# WORK INSTRUCTIONS
When you write out the records, keep every word exact and drop the pictures.

[Dataset items]
● ● ● ● ●
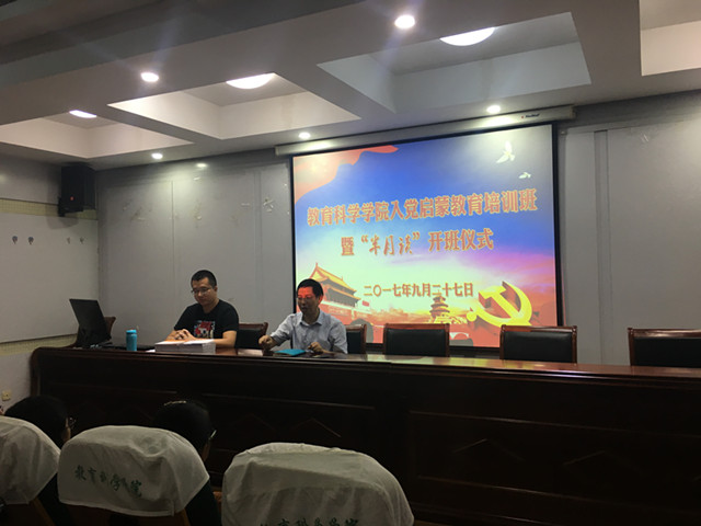 本网讯(教科院 郭俊俏 龚伟)大学新生入学为高校增添新的生机与活力、为学生党员队伍注入新鲜血液,大学新生如何在入党过程中真正做到思想和行动同入党,教科院以“半月谈”为重要载体,结合高校党建要求、新媒体发展态势、大学生特色需求,创新开办入党启蒙教育培训班。927日晚,开班仪式在学院三楼学术交流中心顺利举行。院党委书记刘晓宇、本科生学前教育专业党支部书记龚伟、2017级辅导员谭茹轩出席了本次开班典礼。参加本次大会的还有学院3位研究生驻班党员以及2017级学前教育专业本科生。
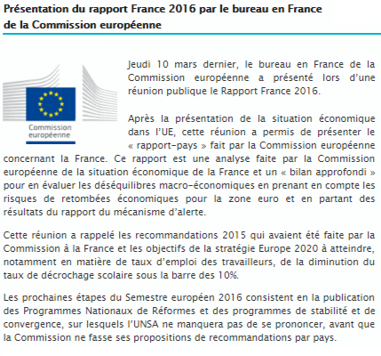 Présentation du rapport France 2016 par le bureau en France de la Commission européenne #UNSA
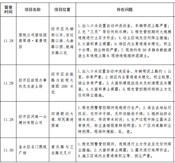 12月7日,記者從鄭州市環(huán)境污染防治攻堅辦了解到,11月27日至12月3日,鄭州市環(huán)境污染防治督導組重點對全市"封土行動"方案、橙色預警管控措施落實和30天沖刺行動方案落實情況進行督導檢查。從督查情況來看,大部分單位都夠按照要求,落實"封土令"和預警管控措施,但也有個別施工工地和企業(yè)未按要求停工、停產(chǎn)或限產(chǎn)減排。
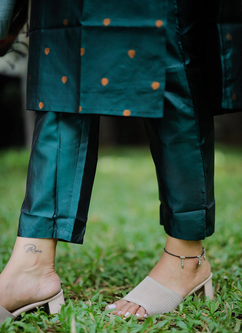 Teal Green Weaving Jacquard Ceremonial Kurta Set
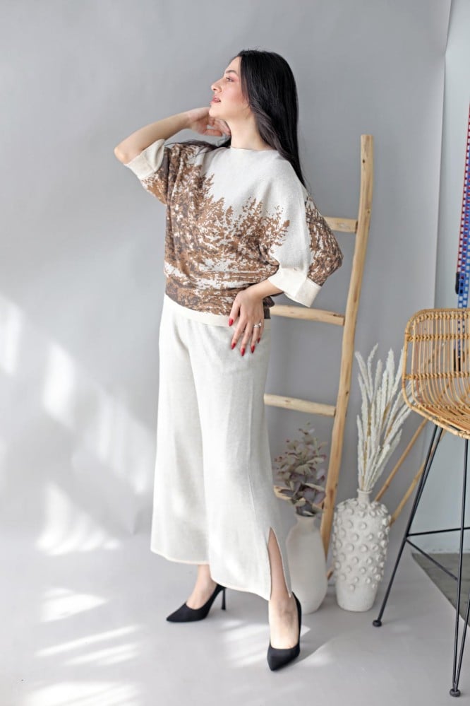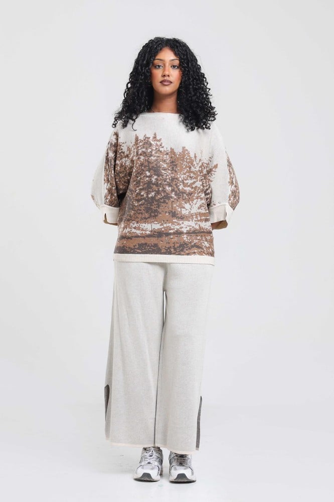 • التصميم: بنطلون واسع مع بلوزة منقوشة
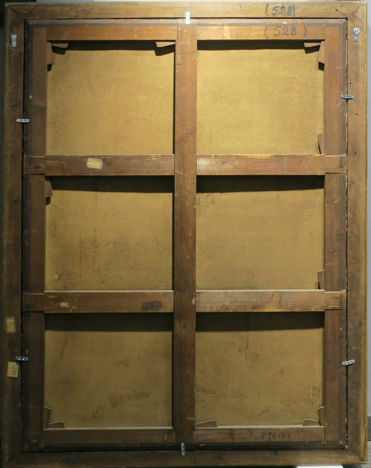 Sur le châssis : Au pinceau noir "528" ; en blanc "Reste (?)" ; à la craie rouge "DYCK 462" ; gravé "D 52-2-2" ; au feutre noir "891-16-1" ; au crayon "-0407-" ; "Pau 891-161" ; "L'escarpolette" "MNR 105/Trinquesse".
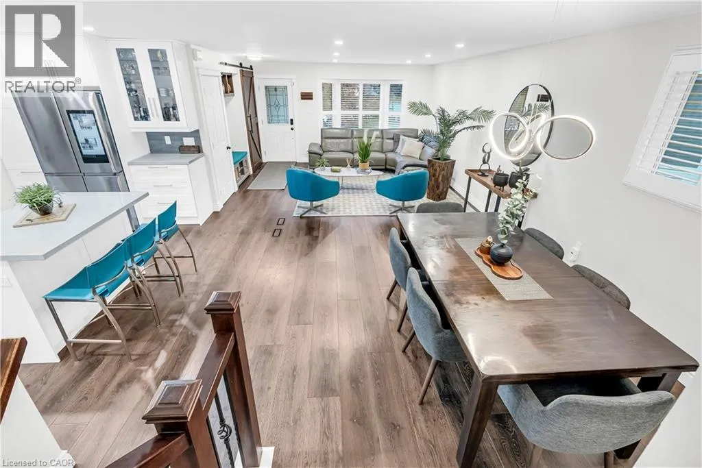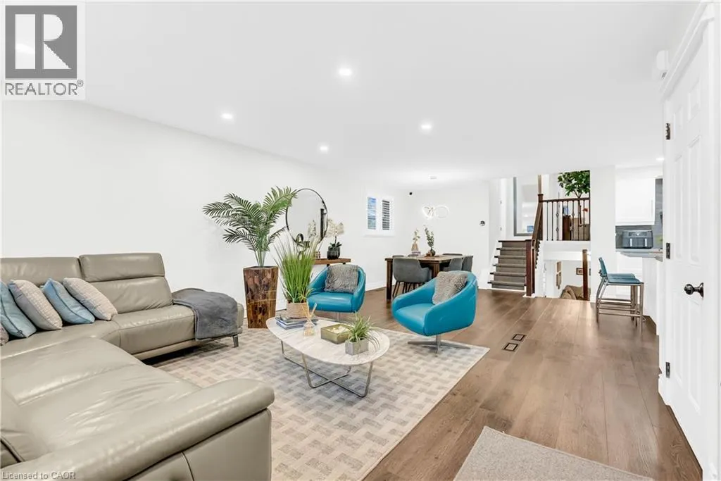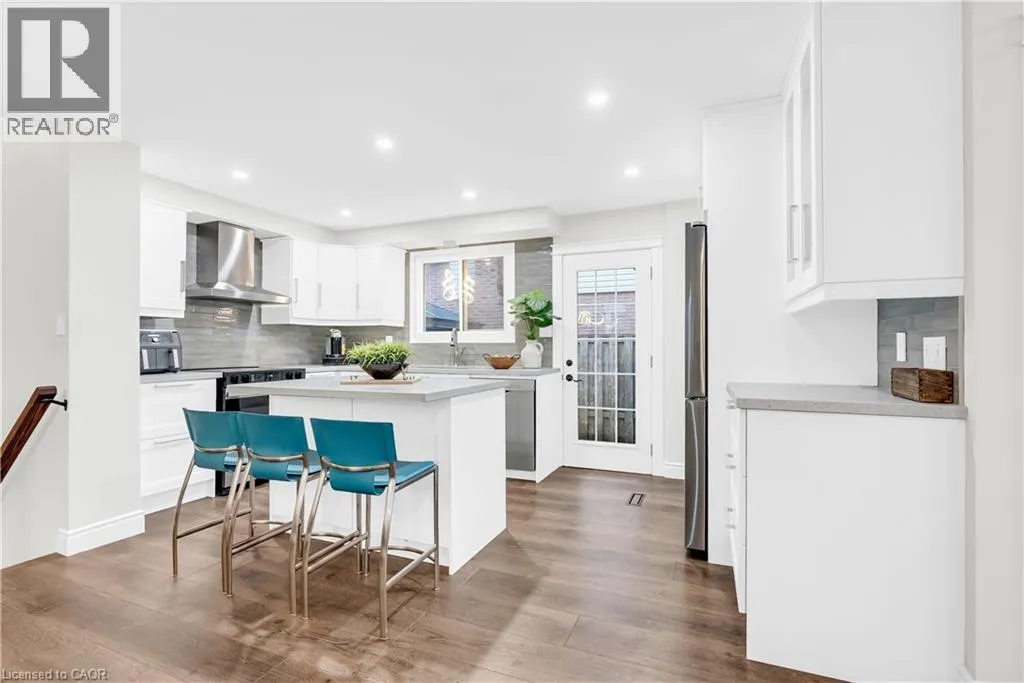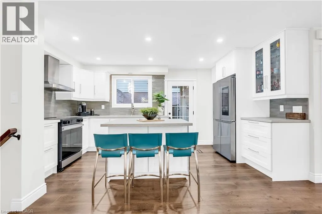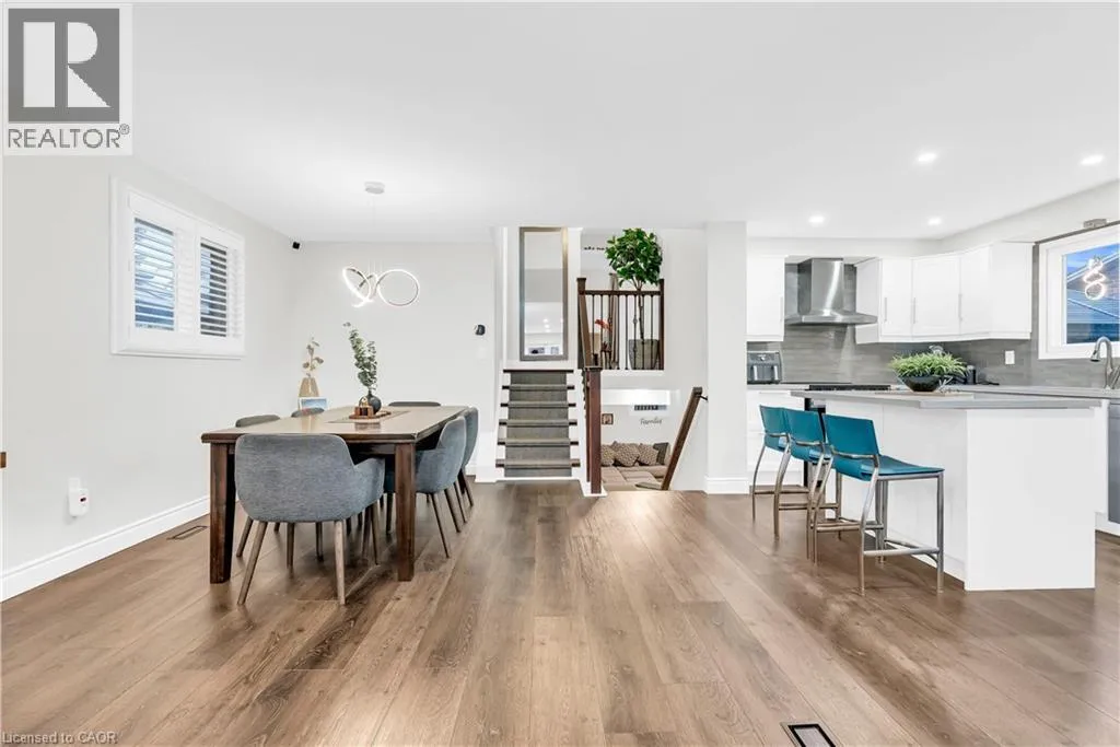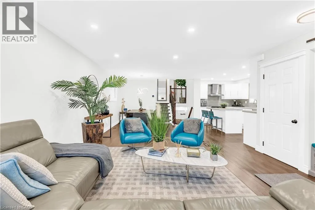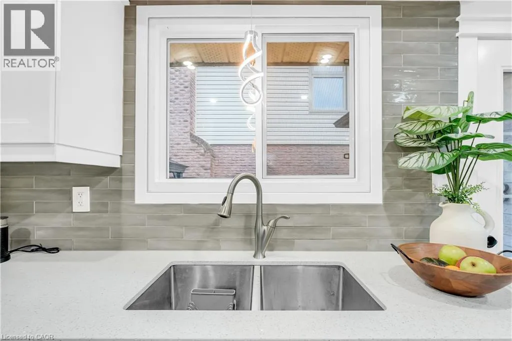 Isaac Brock Dr to Kennard St to Sutton Crt This beautifully renovated back split bungalow offers the perfect combination of comfort, technology, and style for a growing family. Featuring 3+1 bedrooms and 2 full bathrooms, the home is designed with an open layout and modern finishes throughout. From the moment you step inside, youâll feel the openness with new hardwood floors, a bright open-concept design, and a brand new white kitchen with plenty of cabinetry, quartz countertops, stainless steel appliances, and pot lighting. Freshly painted in soft neutral tones, the home flows effortlessly from the kitchen to the dining area and into the formal living room, creating an inviting space for family gatherings and entertaining. The oversized garage includes a new furnace, EV charger setup, and ample room for hobby enthusiasts. A few steps up, the bedroom level features new flooring and a fully renovated modern bathroom with a standing shower, double vanity, and smart toilet. The first lower level offers a large family or recreation room, ideal for relaxing, working from home, or a game area, along with a guest bedroom and a second full bath, perfect for in-laws or visitors. The bonus lower level provides even more flexibility, with space for a gym, hobby, or meditation room, plus a smart laundry area with high-efficiency appliances and integrated security cameras. The entire home is smart controlled, allowing you to manage lighting, appliances, temperature, and entry systems remotely from your smartphone for ultimate comfort and convenience. Outside, enjoy a private backyard retreat featuring an on-ground pool, double sitting areas, outdoor cooking station, and a dedicated entertaining space with an extra storage shed. Conveniently located with easy access to the Red Hill and the Lincoln Alexander Parkway, this superb East Mountain location is close to all amenities, parks, movie theatres, and more. (id:27476)
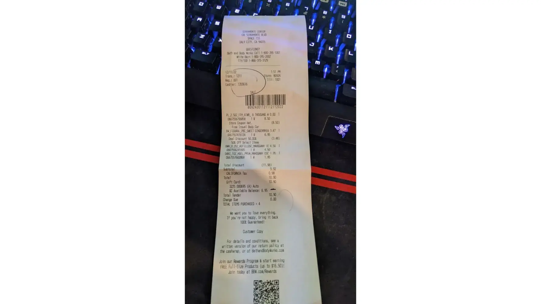 My transcation is 1211 store 80924 dec 11 2022 1:51 pm total $10.90
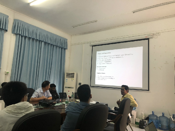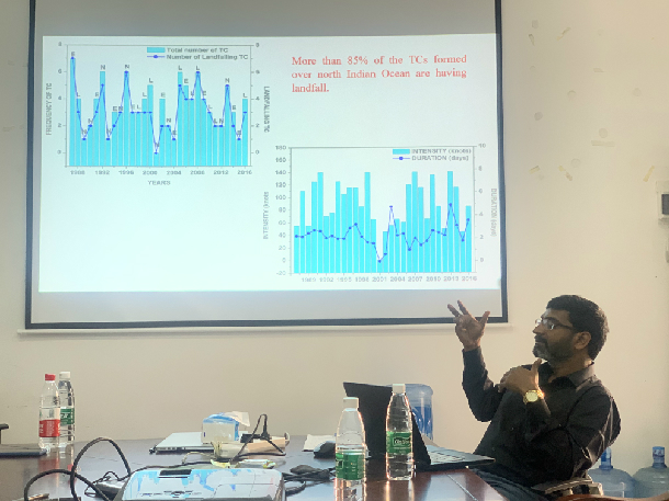 P.V.S. Raju教授的报告从热带气旋的观测资料、孟加拉湾热带气旋天气预报模式模拟、沙特阿拉伯吉达的强降雨事件三个方面展开。他指出,季候风前的热带气旋在印度北部和东北部登陆,而季候风后的热带气旋则会袭击印度海岸。他认为,随着初始条件(资料同化技术)和顶点初始化的改进,利用高级天气研究预报模式(WRF-ARW)对热带气旋的预测还有提高的空间。M.V. Subrahmanyam副教授在报告中首先指出,印度洋上空存在一种与其他赤道海域不同的独特的风场分布:季风季节性地在北印度洋上空逆转,夏季风的风力比冬季风强得多。之后,他从季风开始时海气通量和蒸发变化方面对其进行分析。他还强调了海气相互作用在台风的发生、移动、增强和登陆过程中的重要作用。会后,在场师生与P.V.S. Raju教授和M.V. Subrahmanyam副教授就台风模拟和预测、印度夏季风的爆发、以及整个分析过程应用到南海区域等问题进行了深入探讨,并对进一步的交流合作达成了共识,对研究工作具有启发和指导意义。
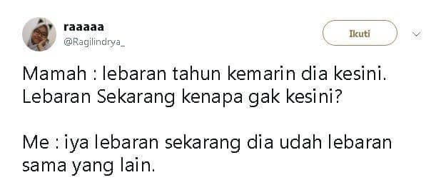 3. Nah, buat kamu yang tahun ini gak Lebaran lagi sama si dia, pasti ada aja deh yang nanya. Jawab aja dengan ikhlas ya, move on!
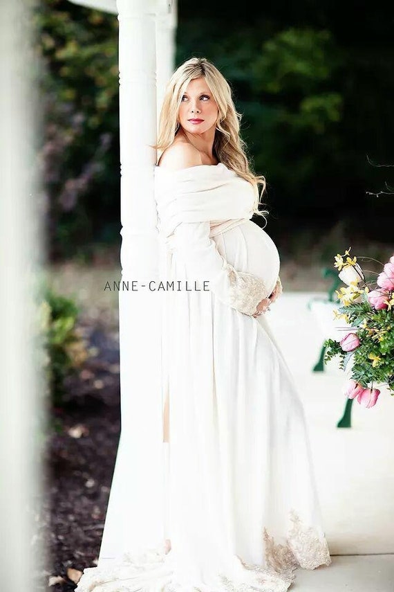 Maternità Abito Da Sposa Con Maniche Abito Da Sposa Invernale Abito Di Maternità Invernale Maternità Natale Abito Bianco Maternità Camicia
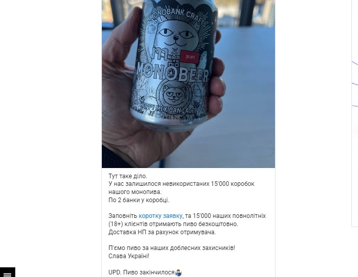 У жовтні минулого року Monobank повідомив про випуск монопива, яке назвав «кращим банківським пивом у світі». Сьогодні клієнти банку змогли отримати його абсолютно безкоштовно.
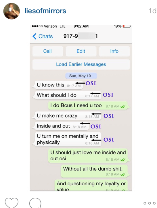 NFL linebacker Osi Umenyiora was married over the weekend to former Miss Universe, Lelia Lopes. Soon after, an Instagram account popped up under the name of @LiesofMirror to “expose” Osi and his alleged relationship with a sidechick.
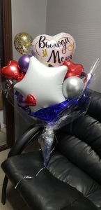 Букет состоит из фольгированных шаров разных форм и цветов, надутых воздухом. Может быть абсолютно любой тематики и цветовой гаммы. С таким букетом можно пойти на День Рождения, на выписку из роддома, на 1 сентября, на День Учителя. Его можно подарить маме, любимой девушке, подруге, мужу, директору и т.п.
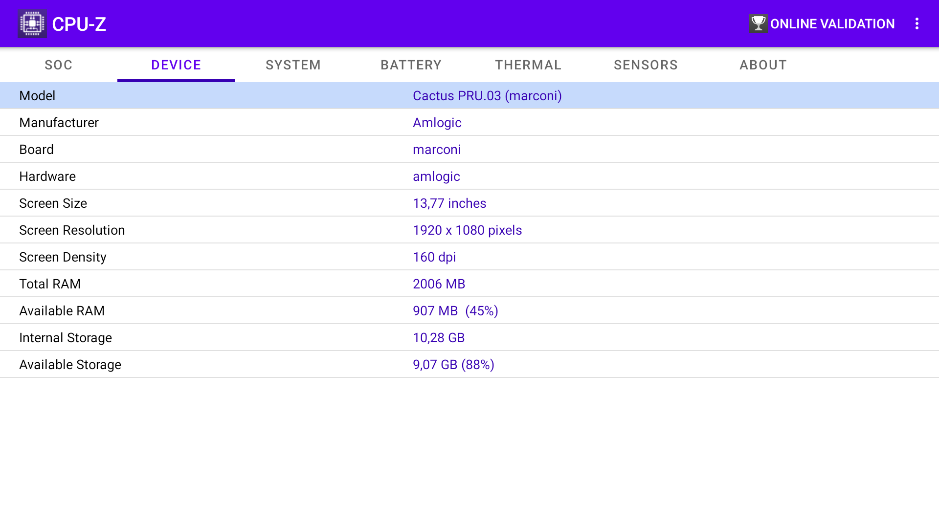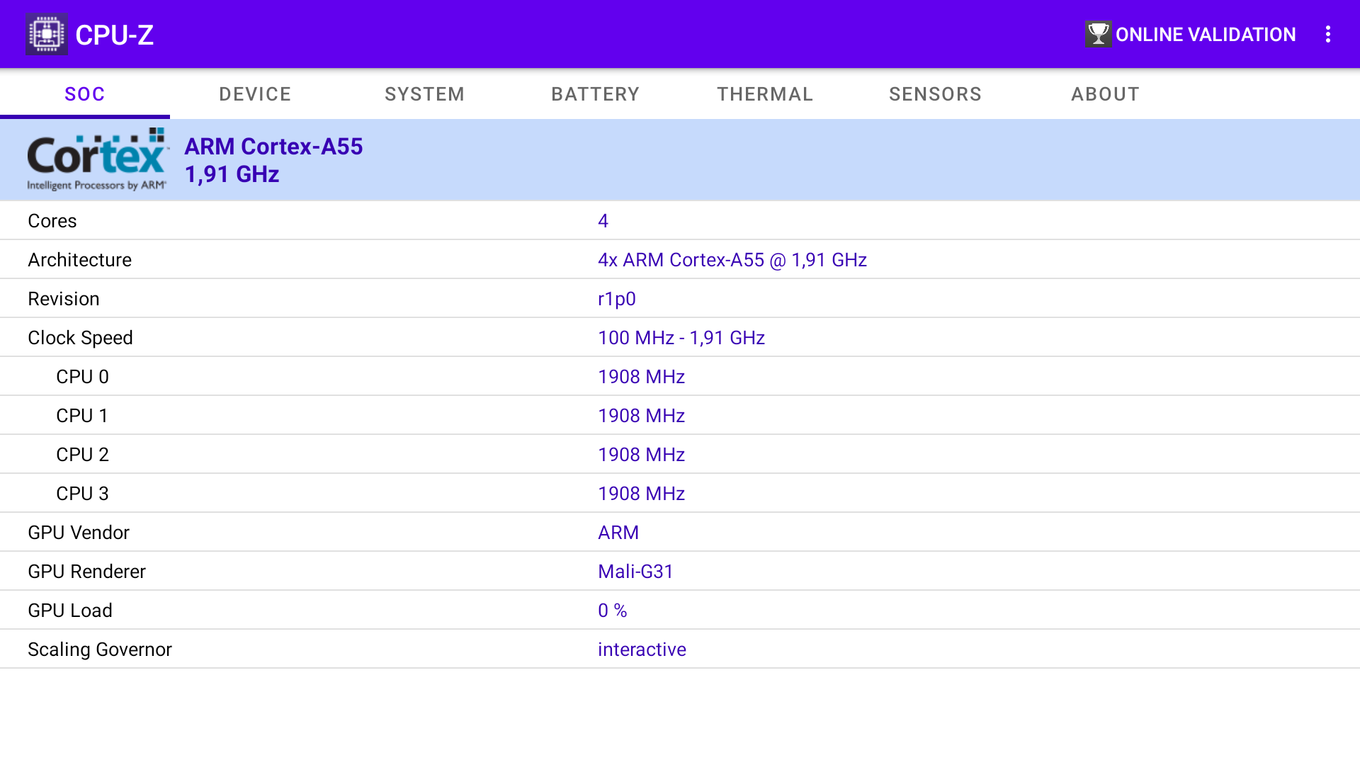 Программной платформой для этого ТВ служит операционная система Android TV, основанная на Android версии 9. Конфигурацию аппаратной части поясняют данные программы CPU-Z:
● ● ● ● ●
# EXERCISE OUTPUT
 本网讯(教科院 郭俊俏 龚伟)大学新生入学为高校增添新的生机与活力、为学生党员队伍注入新鲜血液,大学新生如何在入党过程中真正做到思想和行动同入党,教科院以“半月谈”为重要载体,结合高校党建要求、新媒体发展态势、大学生特色需求,创新开办入党启蒙教育培训班。927日晚,开班仪式在学院三楼学术交流中心顺利举行。院党委书记刘晓宇、本科生学前教育专业党支部书记龚伟、2017级辅导员谭茹轩出席了本次开班典礼。参加本次大会的还有学院3位研究生驻班党员以及2017级学前教育专业本科生。
 Présentation du rapport France 2016 par le bureau en France de la Commission européenne #UNSA
 12月7日,記者從鄭州市環(huán)境污染防治攻堅辦了解到,11月27日至12月3日,鄭州市環(huán)境污染防治督導組重點對全市"封土行動"方案、橙色預警管控措施落實和30天沖刺行動方案落實情況進行督導檢查。從督查情況來看,大部分單位都夠按照要求,落實"封土令"和預警管控措施,但也有個別施工工地和企業(yè)未按要求停工、停產(chǎn)或限產(chǎn)減排。
 Teal Green Weaving Jacquard Ceremonial Kurta Set
 • التصميم: بنطلون واسع مع بلوزة منقوشة
 Sur le châssis : Au pinceau noir "528" ; en blanc "Reste (?)" ; à la craie rouge "DYCK 462" ; gravé "D 52-2-2" ; au feutre noir "891-16-1" ; au crayon "-0407-" ; "Pau 891-161" ; "L'escarpolette" "MNR 105/Trinquesse".
 Isaac Brock Dr to Kennard St to Sutton Crt This beautifully renovated back split bungalow offers the perfect combination of comfort, technology, and style for a growing family. Featuring 3+1 bedrooms and 2 full bathrooms, the home is designed with an open layout and modern finishes throughout. From the moment you step inside, youâll feel the openness with new hardwood floors, a bright open-concept design, and a brand new white kitchen with plenty of cabinetry, quartz countertops, stainless steel appliances, and pot lighting. Freshly painted in soft neutral tones, the home flows effortlessly from the kitchen to the dining area and into the formal living room, creating an inviting space for family gatherings and entertaining. The oversized garage includes a new furnace, EV charger setup, and ample room for hobby enthusiasts. A few steps up, the bedroom level features new flooring and a fully renovated modern bathroom with a standing shower, double vanity, and smart toilet. The first lower level offers a large family or recreation room, ideal for relaxing, working from home, or a game area, along with a guest bedroom and a second full bath, perfect for in-laws or visitors. The bonus lower level provides even more flexibility, with space for a gym, hobby, or meditation room, plus a smart laundry area with high-efficiency appliances and integrated security cameras. The entire home is smart controlled, allowing you to manage lighting, appliances, temperature, and entry systems remotely from your smartphone for ultimate comfort and convenience. Outside, enjoy a private backyard retreat featuring an on-ground pool, double sitting areas, outdoor cooking station, and a dedicated entertaining space with an extra storage shed. Conveniently located with easy access to the Red Hill and the Lincoln Alexander Parkway, this superb East Mountain location is close to all amenities, parks, movie theatres, and more. (id:27476)
 My transcation is 1211 store 80924 dec 11 2022 1:51 pm total $10.90
 P.V.S. Raju教授的报告从热带气旋的观测资料、孟加拉湾热带气旋天气预报模式模拟、沙特阿拉伯吉达的强降雨事件三个方面展开。他指出,季候风前的热带气旋在印度北部和东北部登陆,而季候风后的热带气旋则会袭击印度海岸。他认为,随着初始条件(资料同化技术)和顶点初始化的改进,利用高级天气研究预报模式(WRF-ARW)对热带气旋的预测还有提高的空间。M.V. Subrahmanyam副教授在报告中首先指出,印度洋上空存在一种与其他赤道海域不同的独特的风场分布:季风季节性地在北印度洋上空逆转,夏季风的风力比冬季风强得多。之后,他从季风开始时海气通量和蒸发变化方面对其进行分析。他还强调了海气相互作用在台风的发生、移动、增强和登陆过程中的重要作用。会后,在场师生与P.V.S. Raju教授和M.V. Subrahmanyam副教授就台风模拟和预测、印度夏季风的爆发、以及整个分析过程应用到南海区域等问题进行了深入探讨,并对进一步的交流合作达成了共识,对研究工作具有启发和指导意义。
 3. Nah, buat kamu yang tahun ini gak Lebaran lagi sama si dia, pasti ada aja deh yang nanya. Jawab aja dengan ikhlas ya, move on!
 Maternità Abito Da Sposa Con Maniche Abito Da Sposa Invernale Abito Di Maternità Invernale Maternità Natale Abito Bianco Maternità Camicia
 У жовтні минулого року Monobank повідомив про випуск монопива, яке назвав «кращим банківським пивом у світі». Сьогодні клієнти банку змогли отримати його абсолютно безкоштовно.
 NFL linebacker Osi Umenyiora was married over the weekend to former Miss Universe, Lelia Lopes. Soon after, an Instagram account popped up under the name of @LiesofMirror to “expose” Osi and his alleged relationship with a sidechick.
 Букет состоит из фольгированных шаров разных форм и цветов, надутых воздухом. Может быть абсолютно любой тематики и цветовой гаммы. С таким букетом можно пойти на День Рождения, на выписку из роддома, на 1 сентября, на День Учителя. Его можно подарить маме, любимой девушке, подруге, мужу, директору и т.п.
 Программной платформой для этого ТВ служит операционная система Android TV, основанная на Android версии 9. Конфигурацию аппаратной части поясняют данные программы CPU-Z:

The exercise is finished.